** Task material **
↓

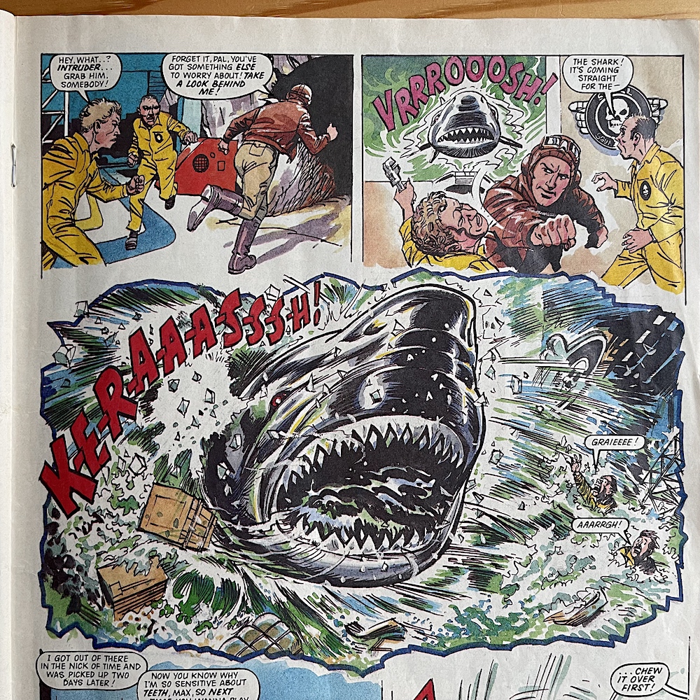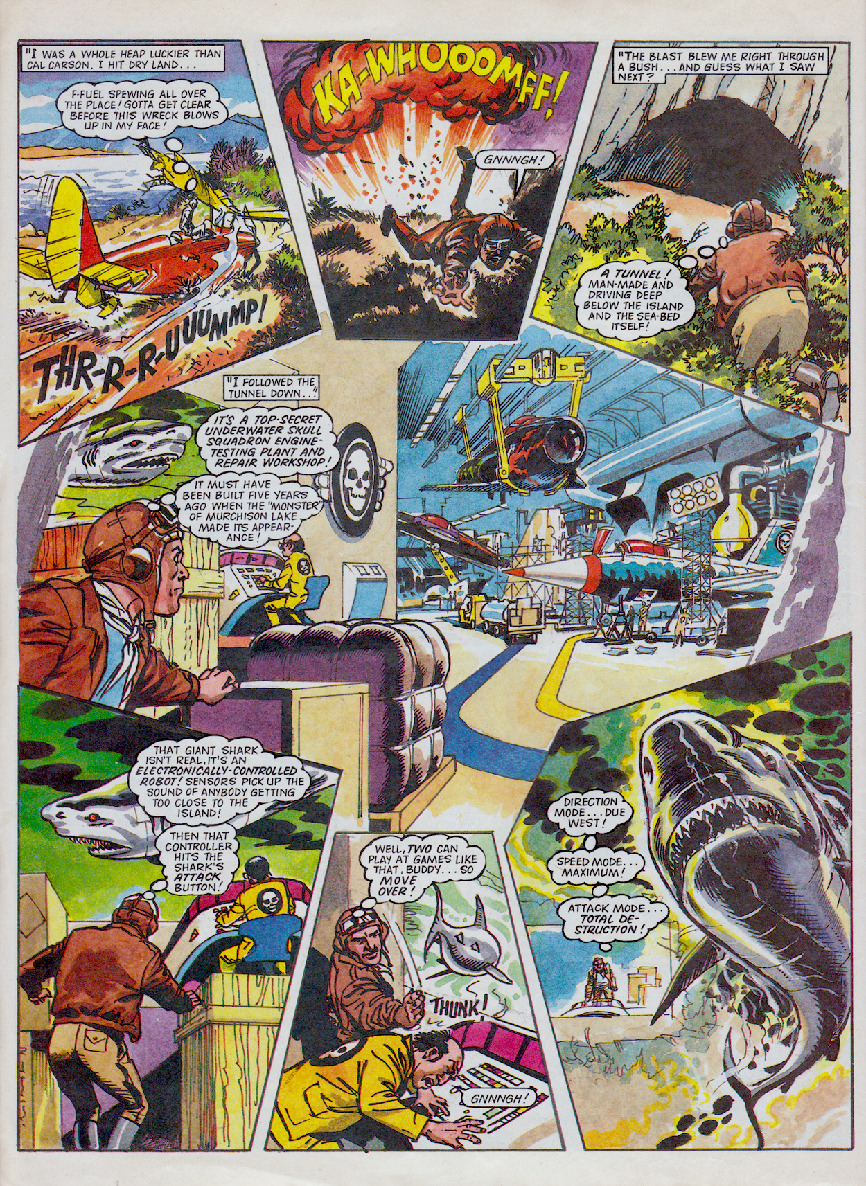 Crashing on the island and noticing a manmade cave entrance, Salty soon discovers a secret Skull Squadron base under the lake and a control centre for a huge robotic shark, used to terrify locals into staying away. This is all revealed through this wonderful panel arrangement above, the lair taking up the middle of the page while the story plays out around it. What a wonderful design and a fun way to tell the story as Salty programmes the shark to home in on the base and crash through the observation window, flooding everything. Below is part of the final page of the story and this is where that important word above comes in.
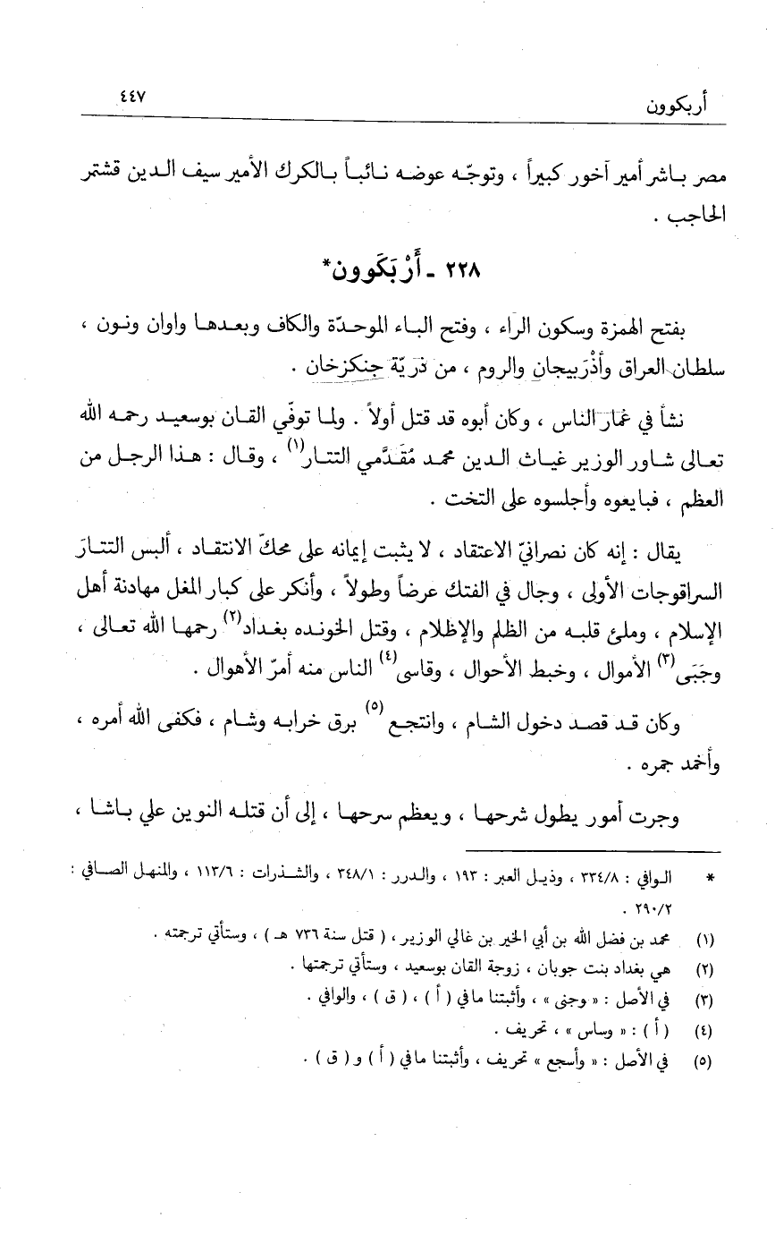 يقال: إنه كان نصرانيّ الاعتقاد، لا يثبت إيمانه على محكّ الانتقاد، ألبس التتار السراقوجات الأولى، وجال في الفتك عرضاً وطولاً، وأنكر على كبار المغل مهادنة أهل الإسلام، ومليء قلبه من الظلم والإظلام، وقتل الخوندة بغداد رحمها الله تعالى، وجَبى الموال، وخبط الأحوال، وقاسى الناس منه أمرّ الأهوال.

↑
↓

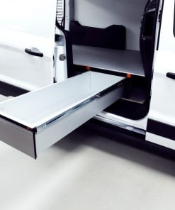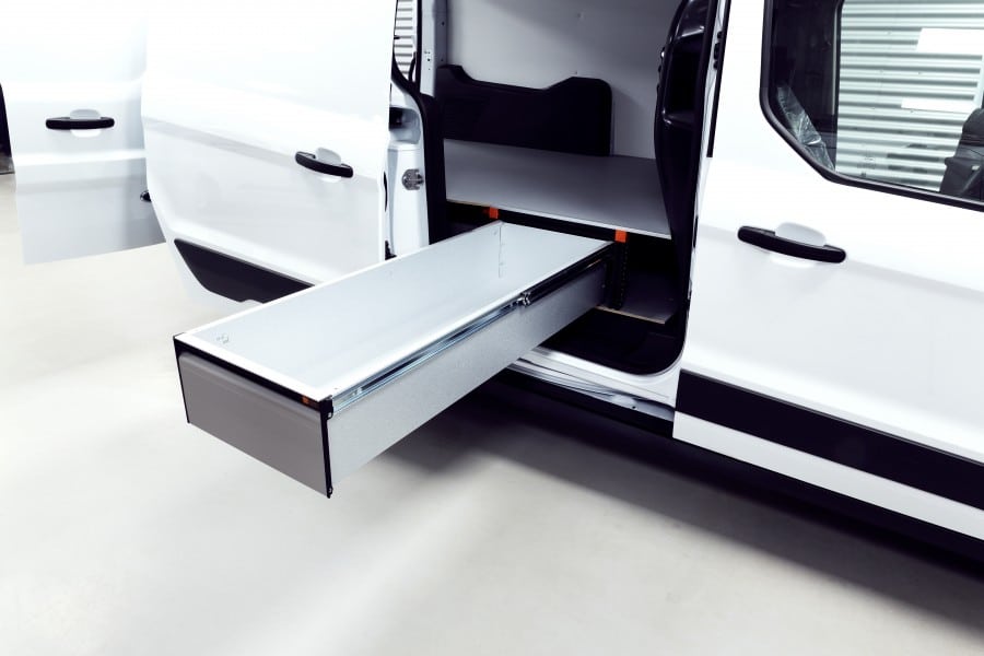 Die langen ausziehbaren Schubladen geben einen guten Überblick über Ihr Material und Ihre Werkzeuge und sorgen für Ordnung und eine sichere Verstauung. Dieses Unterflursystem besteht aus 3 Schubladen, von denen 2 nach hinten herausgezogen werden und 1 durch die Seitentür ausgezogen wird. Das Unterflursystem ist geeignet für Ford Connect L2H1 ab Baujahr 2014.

↑
↓

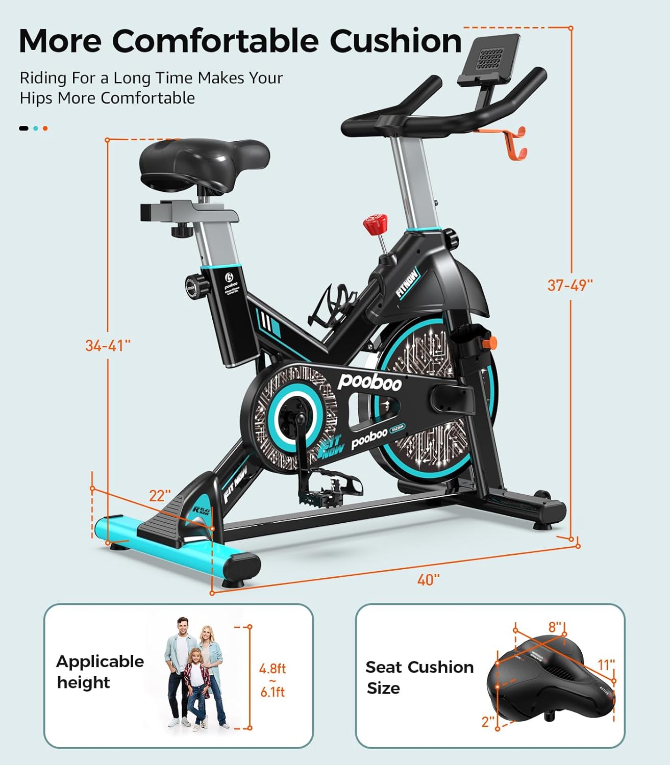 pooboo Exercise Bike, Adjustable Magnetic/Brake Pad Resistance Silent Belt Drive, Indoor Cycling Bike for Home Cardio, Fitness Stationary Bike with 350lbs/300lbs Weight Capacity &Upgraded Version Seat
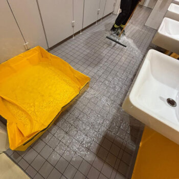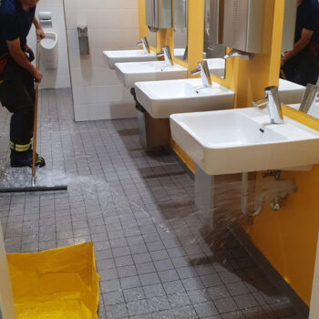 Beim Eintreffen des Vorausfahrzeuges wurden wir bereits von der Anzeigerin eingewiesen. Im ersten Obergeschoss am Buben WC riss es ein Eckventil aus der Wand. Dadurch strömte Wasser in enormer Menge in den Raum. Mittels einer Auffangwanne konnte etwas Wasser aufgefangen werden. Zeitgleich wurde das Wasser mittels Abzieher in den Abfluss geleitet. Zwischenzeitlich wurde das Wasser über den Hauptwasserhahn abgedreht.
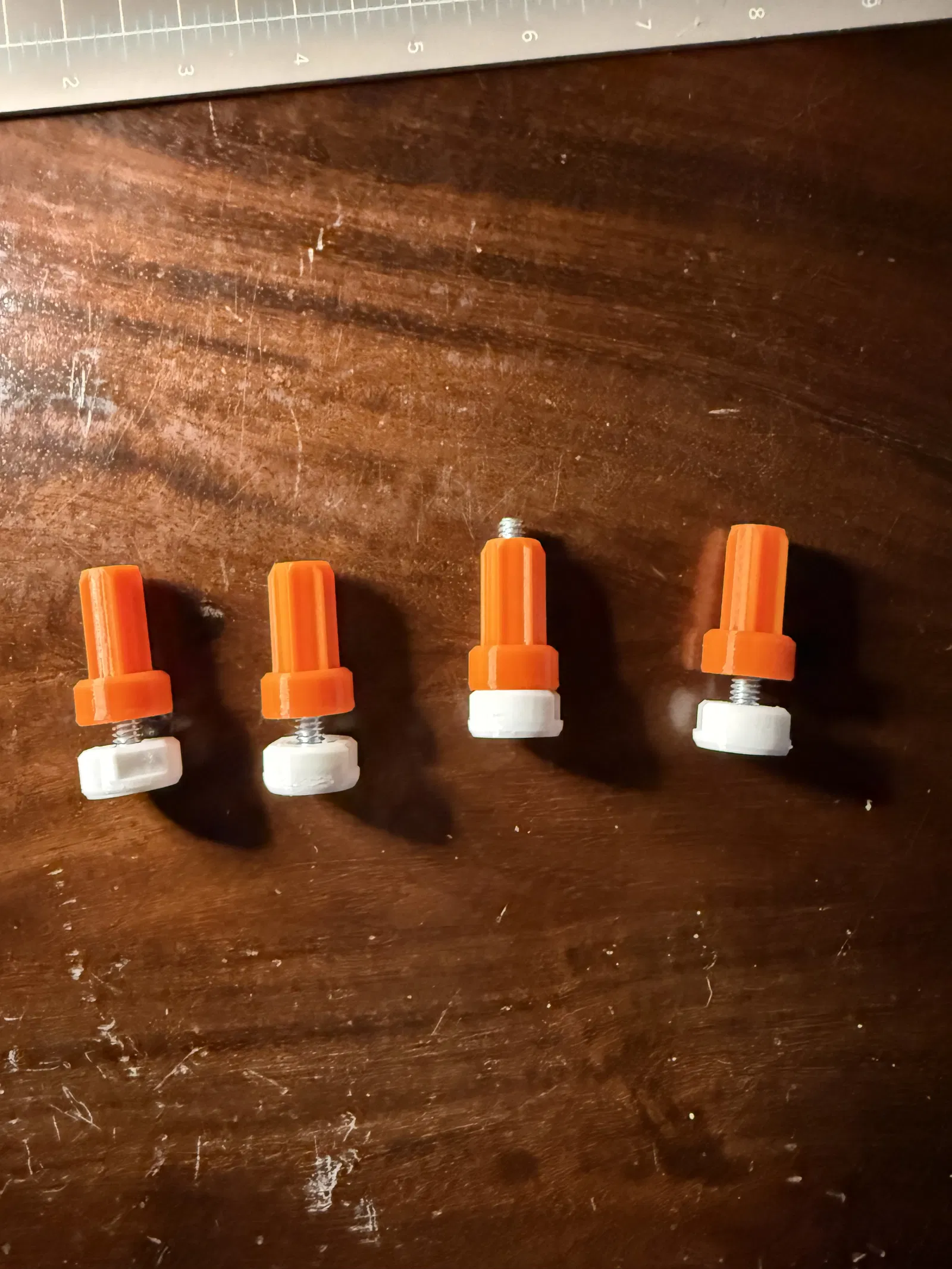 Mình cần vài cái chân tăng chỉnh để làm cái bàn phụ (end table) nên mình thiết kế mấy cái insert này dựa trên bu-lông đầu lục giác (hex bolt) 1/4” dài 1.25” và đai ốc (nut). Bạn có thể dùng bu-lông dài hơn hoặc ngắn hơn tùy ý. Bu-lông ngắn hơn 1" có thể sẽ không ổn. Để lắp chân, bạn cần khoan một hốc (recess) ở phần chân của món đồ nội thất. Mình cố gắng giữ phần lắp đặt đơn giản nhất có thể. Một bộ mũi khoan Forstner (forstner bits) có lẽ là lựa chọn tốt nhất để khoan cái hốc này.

↑

Print, exactly and with no pictures, the lines of the listing above starting at the one that has "Crashing on the" and ending at the one that has "يقال: إنه كان", both included.

 Crashing on the island and noticing a manmade cave entrance, Salty soon discovers a secret Skull Squadron base under the lake and a control centre for a huge robotic shark, used to terrify locals into staying away. This is all revealed through this wonderful panel arrangement above, the lair taking up the middle of the page while the story plays out around it. What a wonderful design and a fun way to tell the story as Salty programmes the shark to home in on the base and crash through the observation window, flooding everything. Below is part of the final page of the story and this is where that important word above comes in.
 يقال: إنه كان نصرانيّ الاعتقاد، لا يثبت إيمانه على محكّ الانتقاد، ألبس التتار السراقوجات الأولى، وجال في الفتك عرضاً وطولاً، وأنكر على كبار المغل مهادنة أهل الإسلام، ومليء قلبه من الظلم والإظلام، وقتل الخوندة بغداد رحمها الله تعالى، وجَبى الموال، وخبط الأحوال، وقاسى الناس منه أمرّ الأهوال.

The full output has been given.